Want to transform the data from long format to wide format. Overall for ColA need to have only one row. There would be duplicates in ColB to ColE in those cases I am trying to aggregate it by count. ColF is aggregated by sum().
s <- read_csv("sample.csv")
s_1 <- subset(s, select=c("ColA", "ColF"))
grp_by <- aggregate(. ~ ColA , data = s_1, FUN = sum)
head(grp_by)
Not sure how to transform the rest of the columns
Update: Based on the suggestion made use of reshape2 package
library(reshape2)
s <- read_csv("sample.csv")
s_1 <- subset(s, select=c("ColA", "ColF"))

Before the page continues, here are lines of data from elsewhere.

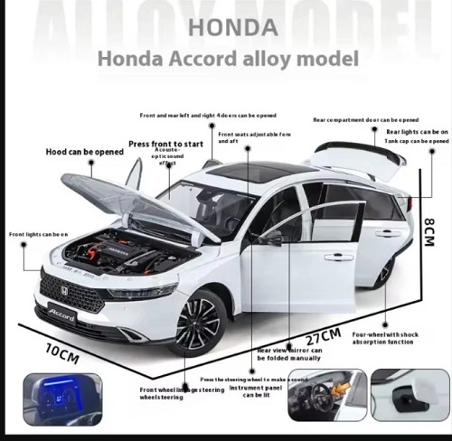 1:18 Scale accuracy Size: 10.5* inches Official Honda Design Premium Alloy Body Detailed Interior & exterior Openable doors, hood & trunk Rubber Tires with Rims Steerable Front Wheels Collector’s Display Model Great Gift for Car Enthusiasts
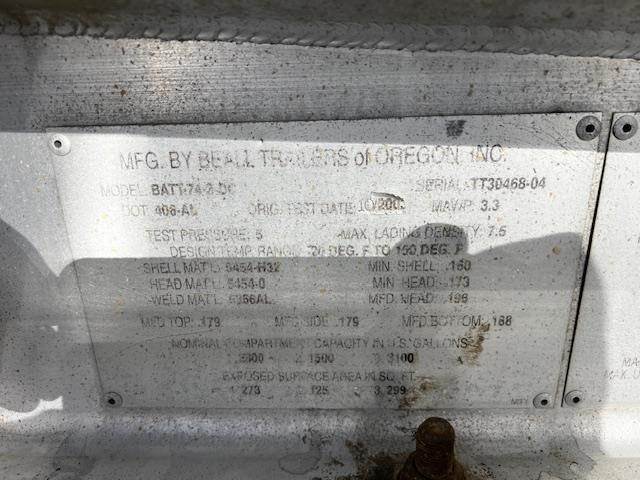 2004 BEALL 7400 GALLON 3-COMPARTMENT 4-AXLE ALUMINUM PULL TANK TRAILER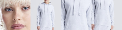 75% cotton/25% polyester. Jet black 80% cotton/20% polyester.Heather grey 75% cotton/25% polyester.Soft cotton faced fabric.Brushed back fleece.Drop shoulder style.Relaxed ladies fit.Double fabric hood with self colour flat lace drawcord.Taped neck.Front pouch pocket.Long length.Ribbed cuffs and hem.Twin needle stitching.Tear out label.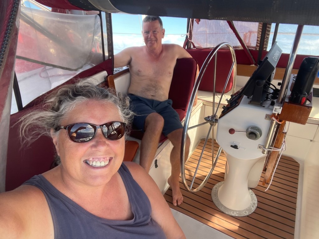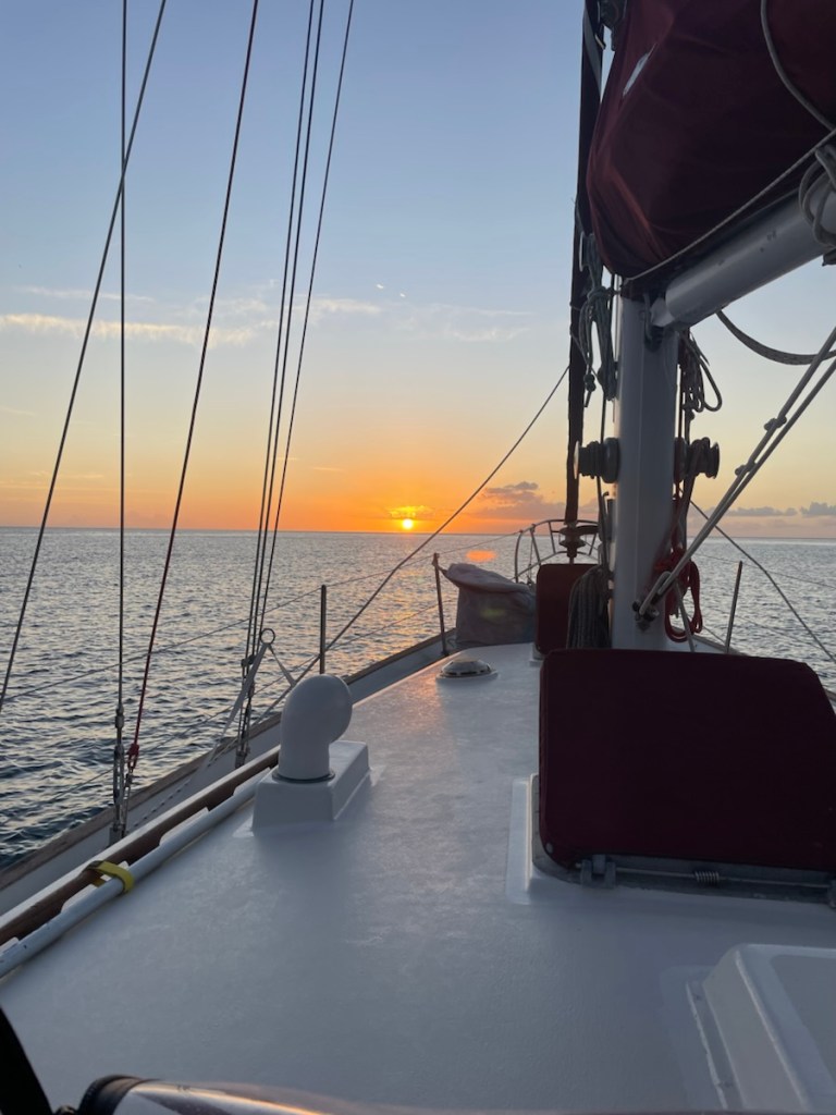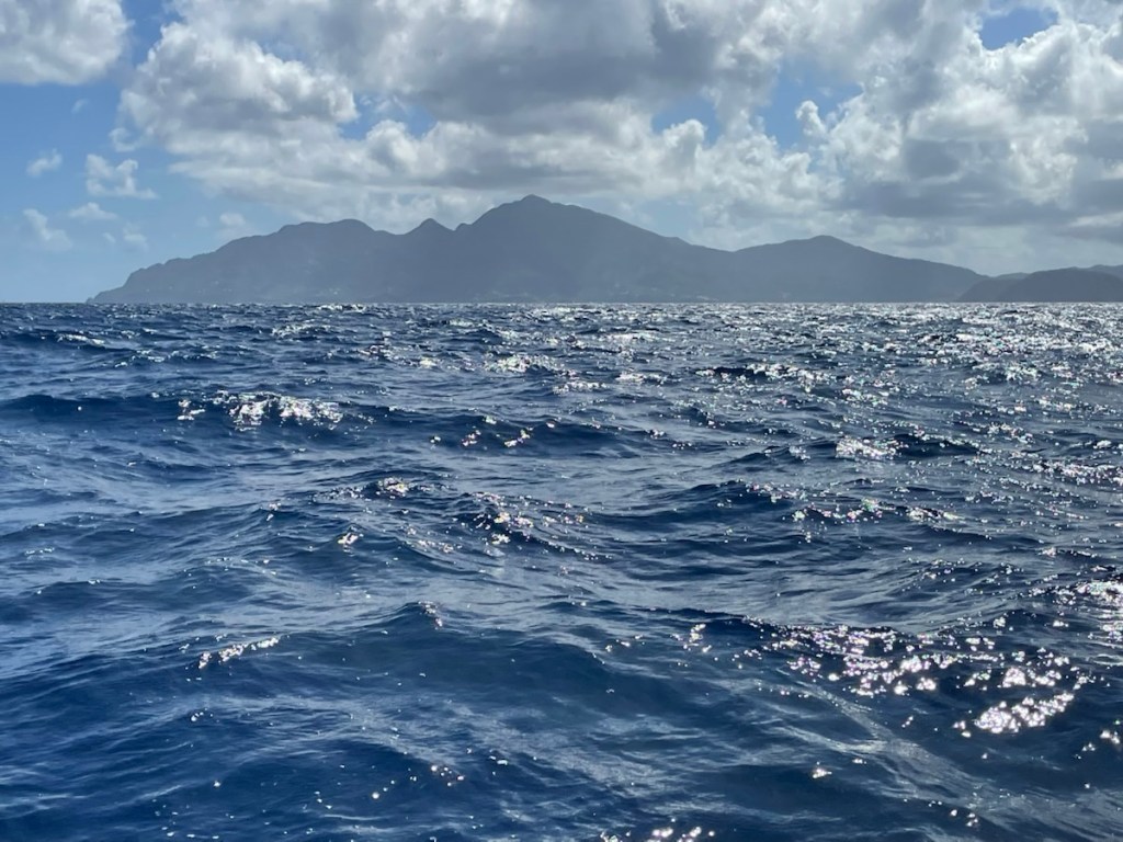We’ve been on quite a moving spree for the past 2 days!! Our first jump happened on Thursday, March 12th. We were up at 6 am and on the move by 7 am (slightly behind Sundog). We had a great visit to Les Saintes but we had a few days of what we hoped would be good wind and waves for south east travel. We were out of the influence of the islands and sailing jib and mizzen by about 8:30am.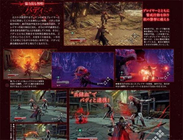 搭档行动包含一项特殊内容,那就是与搭档一同施展的特殊炼血技能「共炼血」。只要搭档在身旁,双方就能合力发动这一技能,借此暂时获取强大的力量。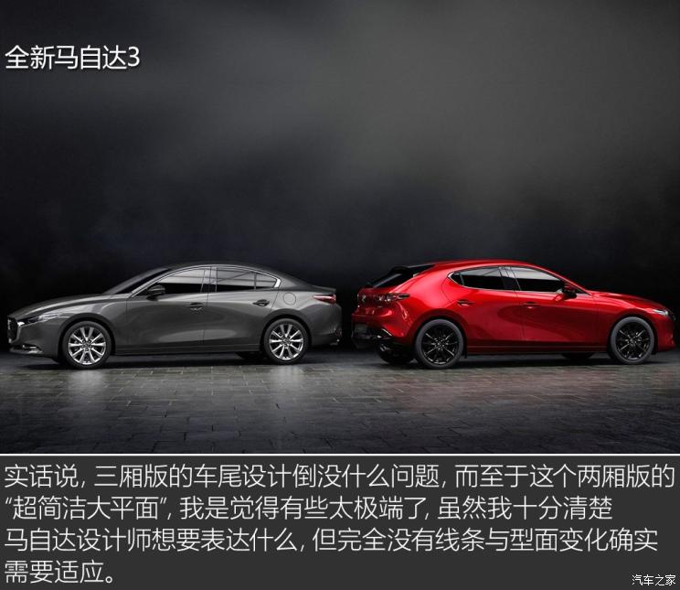 至于说新设计语言最大的争议点,相信就是这个车尾了。的确,新魂动设计不仅让全新马自达3的车头、侧面都存在差异,车辆尾部侧面的形面塑造手法上可谓截然不同:两厢版力求用简洁形面去突出车轮,让整体看上去更像是后驱车的那般动感,而三厢版则是用隆起肩线与层次感分明的肌肉型面,去创造一种略带优雅稳重的感觉。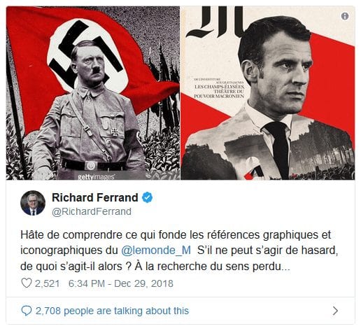 Ainsi, la couverture assassine de M, le magazine du Monde, comparant implicitement Macron à Hitler, selon le président de l’Assemblée nationale en personne Richard Ferrand , continue de faire jaser dans les cercles parisiens

grp_by <- aggregate(. ~ ColA , data = s_1, FUN = sum)
s2 <- dcast(s, ColA ~ ColB)
s3 <- dcast(s, ColA ~ ColC)
s4 <- dcast(s, ColA ~ ColD)
s5 <- dcast(s, ColA ~ ColE)
print(s2)
print(s3)
print(s4)
print(s5)
print(grp_by)
This is the output of those print statements.
How could I merge all those into one data frame? My actual dataset is 1 million records - Is this code optimal enough to run on top of it or is there better way of writing it. Thanks for all your help.